[MD] Dawkins a Materialist (is watching?)
ARLO J BENSINGER JR
ajb102 at psu.edu
Tue Jan 23 19:09:58 PST 2007
[Platt offers]
"Although Dynamic Quality, the Quality of freedom, creates this world in which
we live, these patterns of static quality, the quality of order, preserve our
world. Neither static nor Dynamic Quality can survive without the other."
(Lila, 9)
Notice, "man" need not apply.
[Arlo had offered]
"The Quality which creates the world emerges as a relationship between man and
his experience."
The sentences are not contradictory. I could embed them with no loss of clarity.
"Although Dynamic Quality, the Quality of freedom, creates this world in which
we live, emerges as a relationship between man and his experience, these
patterns of static quality, the quality of order, preserve our world. Neither
static nor Dynamic Quality can survive without the other." (Combined)
The latter does not replace, deny nor contradict the former.

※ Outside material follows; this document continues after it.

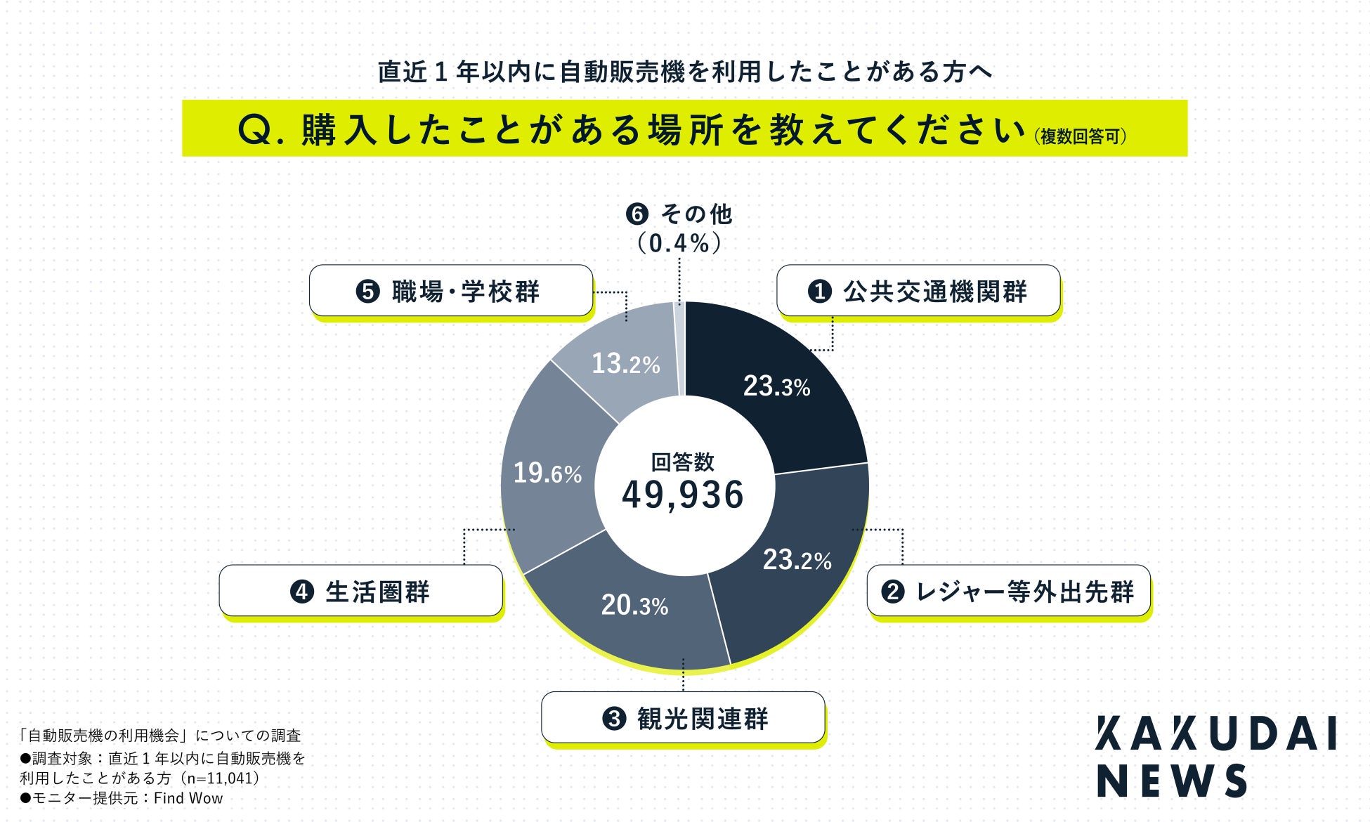 「自動販売機で購入をしたことがある場所を教えてください」と聞いたところ、ロケーション別では、『公共交通機関(23.3%)』『レジャー・商業施設(23.2%)』『観光地・宿泊施設(20.3%)』という結果になりました。

You know, I can't think of any other philosopher whom we should (as you suggest)
ignore everything they did and focus exclusively, in a vacuum, their latest
work. Especially when said philosopher refers to his earlier work as "the path
to enlightenment".
[Platt]
In ZMM, R/C was his initial metaphysical split. In Lila, he changed it to S/D --
a major change since it "dominates everything beneath it."
[Arlo]
And the quote above has nothing to do with the R/C split, but is about Quality.

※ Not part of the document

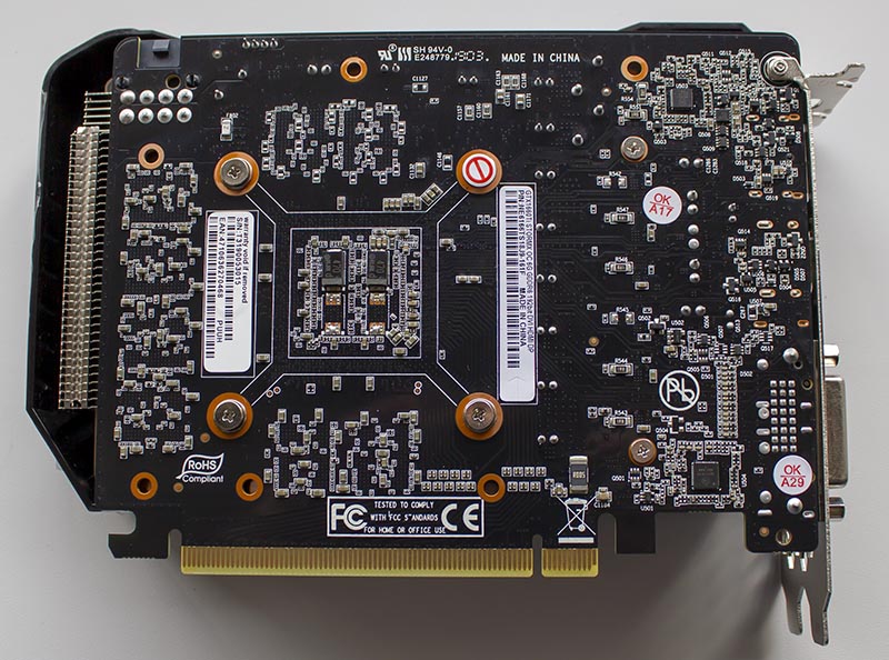 Фото видеокарты с обратной стороны (так как решение сверхбюджетное, поэтому нет никакой усиливающей пластины/бэкплейта), на винте кулера есть гарантийная наклейка.

When I hear Pirsig saying we can, and should, ignore his first book, I'll
consider it. In the meantime, they are not contradictory, but mutually
supportive. ZMM, the path to enlightenment. LILA, the path back.
And you still have shown me nothing from LILA that contradicts or denies
Pirsig's statement.
"The Quality which creates the world emerges as a relationship between man and
his experience."
Yes, Mr. Pirsig, I agree that it does.
[Arlo previously]
Intellectual realities are paintings in an art gallery. Now THAT, amigos, is a
good metaphor.
[Platt]
Yes, but you can't eat intellectual realities.
[Arlo]
Nor can you eat paintings. Well, you could try, I suppose.
[Arlo previously]
Out of nothingness, into nothingness. Or as the wise bard Andrew Eldritch penned
"Words are just dust."
[Platt]
Yes, but you won't live long without words.
[Arlo]
Nor will you live long if that's all you have.